Um presidente pequeno

As declarações de Luiz Inácio Lula da Silva neste domingo, em Adis Abeba, na Etiópia, expuseram, mais uma vez, um presidente aprisionado numa visão de mundo simplista e sectária – um presidente ideologicamente seletivo tanto em sua solidariedade quanto em sua indignação. Quanto mais fala, mais o líder que se pretende um estadista do século XXI revela-se um caudilho do século XX. Apresenta-se como um presidente, antes de tudo, pequeno.

Como se pode assistir abaixo (na íntegra e sem cortes), Lula ainda divide o mundo entre ricos e pobres. Os ricos são maus e colonizadores. Os pobres são bons e explorados – são, em resumo, “as soluções”, como ele diz, para os problemas do planeta. Parece um discurso extraído de uma reunião esfumaçada de calouros de um centro estudantil da década de 1970. Lula se propõe a liderar os pobres do “Sul Global” num movimento rumo à prosperidade. As boas intenções não escondem a pobreza intelectual e a ingenuidade política.

A raiz das ideias (mal) articuladas por Lula está num bolo ideológico pseudomarxista que já era bolorento na década de 1980, embora ainda seja consumido sem moderação em algumas universidades brasileiras. Entre os ingredientes, estão uma hostilidade atávica e paranoica aos Estados Unidos e à Europa, reduzidos, nas versões mais generosas, a colonizadores ricos. Por contraponto ao capitalismo, e por incapacidade de manter pensamentos contraditórios na cabeça, a então União Soviética era fonte de inspiração e de respeito. Como a Rússia totalitária e assassina de Vladimir Putin o é hoje, embora de maneira um tanto envergonhada.

Essa prisão ideológica, na qual Lula se sente confortável para porfiar estultices, permite o silêncio sobre os abusos de poder e as violações sistemáticas de Direitos Humanos na Venezuela, incluindo as mais recentes, sobre os quais o presidente brasileiro disse ainda “não ter as informações”.

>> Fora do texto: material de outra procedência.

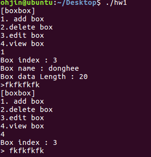 >을 출력하고 boxbox[index]+4에 boxbox[index]+10의 크기만큼 stdin을 파일디스크립터로 하여 읽는다.
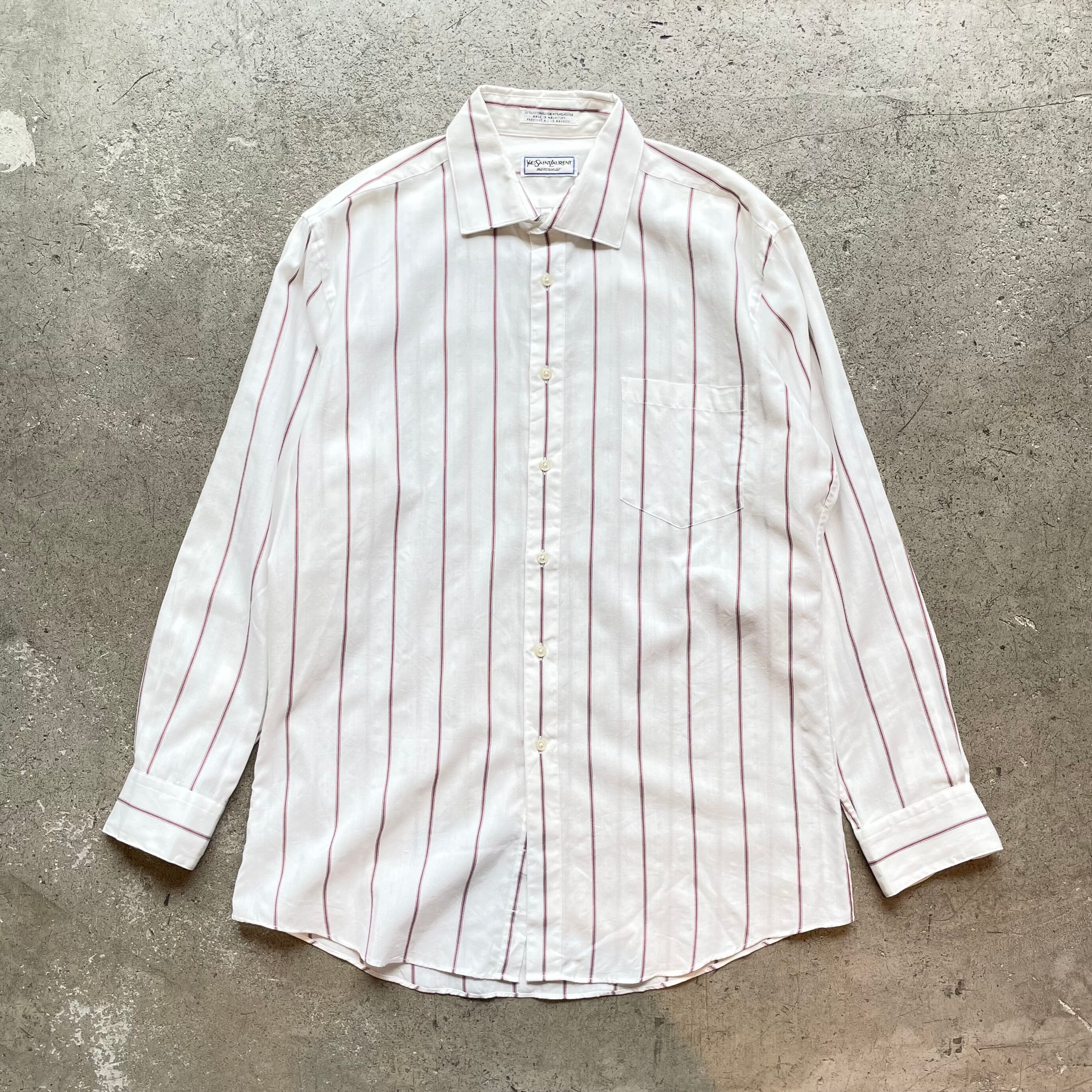 90s Yves Saint Laurent menswear ストライプ柄長袖シャツ M相当 モーリシャス製
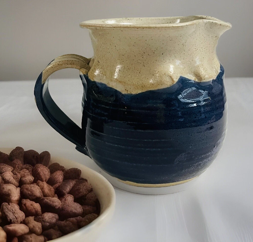This unique vase is a wonderful addition to any collection. Handmade by Joyce Brown in Pittsboro, North Carolina in 1983, it features a beautiful all-over pattern of stones. The vase stands at 5 inches tall and has a glossy finish. H- 5 inches Dimension opening- 4 3/4 inches 6 1/2 across spout to handle Very good condition. Minimal sign of wear and tear. No chips, cracks or discoloration. Please see all attached photos and zoom in for imperfection. Free shipping with bundle of care.
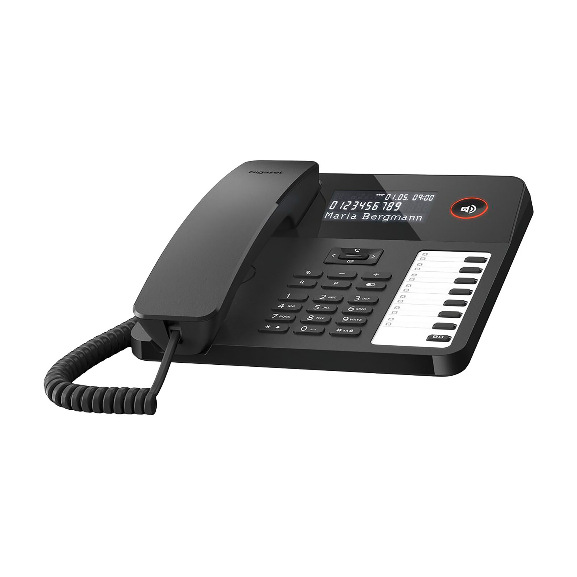 Le téléphone mural est le téléphone de bureau pour une téléphonie confortable. Quel téléphone souhaitez-vous ? Un téléphone fixe élégant avec un grand écran LCD, un rétro-éclairage LED et une fonction mains libres ? Le Gigaset DESK 600 est fait pour vous : ce téléphone filaire mural et de bureau est facile utiliser et dispose d'options intelligentes : un répertoire intégré, des touches de numérotation directe double affectation et une signalisation optique des appels. Vous pouvez également connecter le DESK 600 des systèmes téléphoniques, ce qui le rend idéal pour une utilisation à la maison ou au bureau. Communiquer peut être très si pratique !
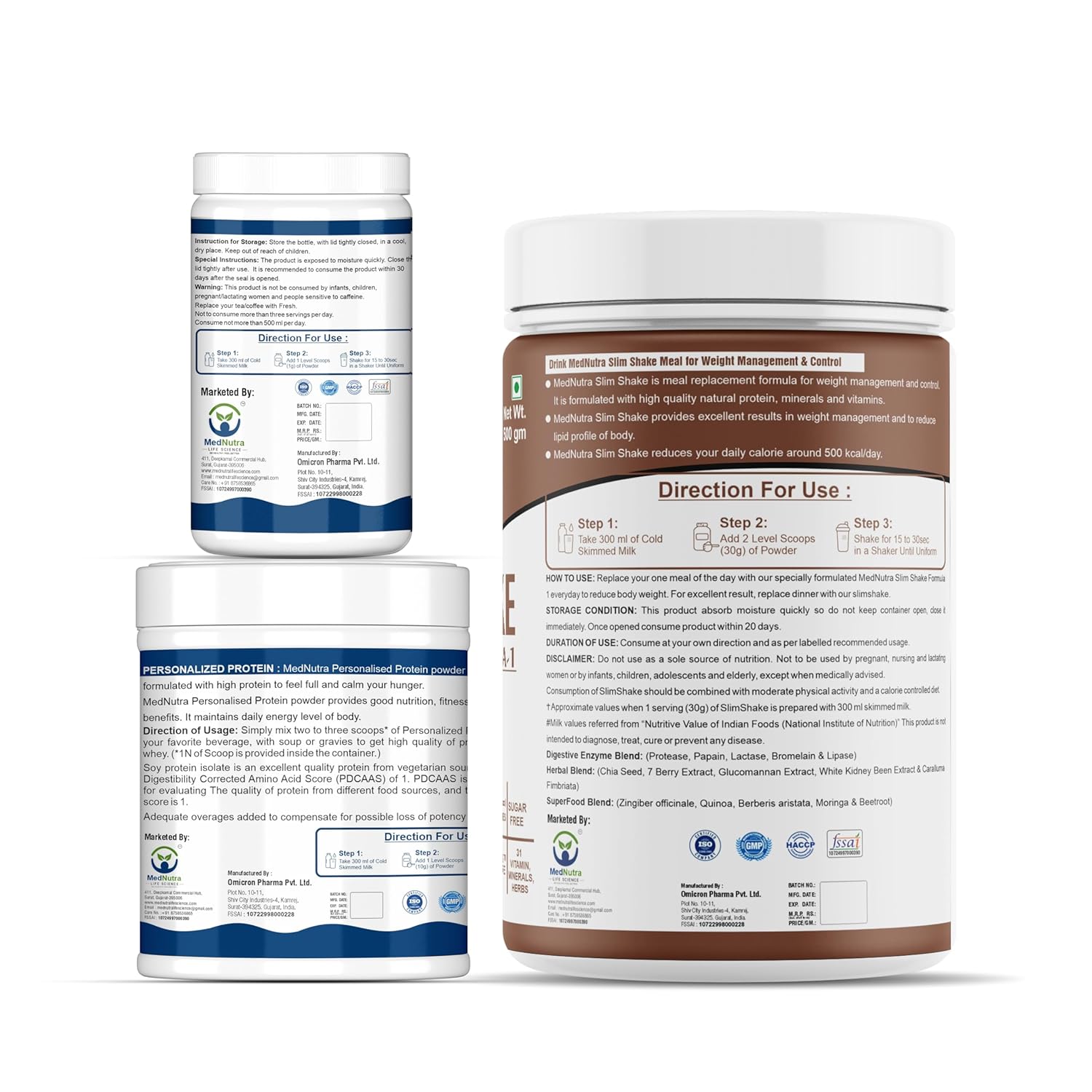 MedNutra Weight Management Bundle, Chocolate Slim Shake 500g, Fresh Energy Drink, Personalized Protein 200g

O petista também pediu cautela quanto à morte na prisão de Alexey Navalny, principal opositor do regime de Putin, ao ser perguntado sobre o assunto. “É preciso ter bom senso”, disse. “É preciso ter uma investigação para saber do que o sujeito morreu. (…) Para que essa pressa?”

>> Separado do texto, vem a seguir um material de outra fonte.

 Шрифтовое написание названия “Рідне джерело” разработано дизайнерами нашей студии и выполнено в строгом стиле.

Parece inacreditável que Lula acredite ser possível esperar alguma investigação séria da Rússia sobre a morte de Navalny. Afinal, somente alguém ignorante quanto à natureza do regime de Putin poderia afirmar algo tão desprovido de sentido. Basta, porém, acompanhar a rede de blogs e sites de quem se diz da esquerda brasileira para entender por que Lula fala tanta bobagem. Nesse rincão, prevalecem, com status de informação factual, as peças de propaganda disseminadas pelo Kremlin – agitprop de péssimo nível, diluída em erros grosseiros, mas, ainda assim, agitprop suficiente para quem precisa de sua dose cotidiana de ficção ideológica. É simples produzir esse novichok informacional. Misture três substâncias: “CIA”, “mídia ocidental” e “nazistas”. A paralisia cerebral do alvo é garantida; os retuítes, também.

O silêncio de Lula sobre as atrocidades de Putin, e os riscos existenciais que elas representam à civilização ocidental, espelha o silêncio de Donald Trump. Para o gângster russo, tanto Trump quanto Lula são peças úteis, e idiotas úteis, na mais benigna da hipóteses, em sua campanha expansionista e belicosa contra o Ocidente. As propagandas do Kremlin fazem sucesso entre a direita americana e a esquerda brasileira porque ambas estão unidas pela desconfiança e, não raro, pelo desprezo às instituições que compõem as democracias liberais. É o alicerce daquilo que chamamos de Estado Democrático de Direito – esse edifício que, dizem alguns, Lula foi eleito para proteger.

Lula pode falar asneiras antidemocráticas e iliberais impunemente porque o país que ele preside pouco se importa com essas vulgaridades burguesas – coisa da Direita, afirmam os bonequinhos brasileiros abastecidos pelo Kremlin. É essa ordem ocidental, imperfeita como é e que, se seguir existindo, sempre será, que permite o avanço da defesa de Direitos Humanos e a proteção de minorias, como mulheres, negros, indígenas e a comunidade LGBTQIA+, entre tantas outras. Como, por exemplo, uma minoria pouco citada: os judeus, que são alvos constantes de críticas e ataques – mas nunca, jamais, veja bem, de antissemitismo. Imaginem que absurdo.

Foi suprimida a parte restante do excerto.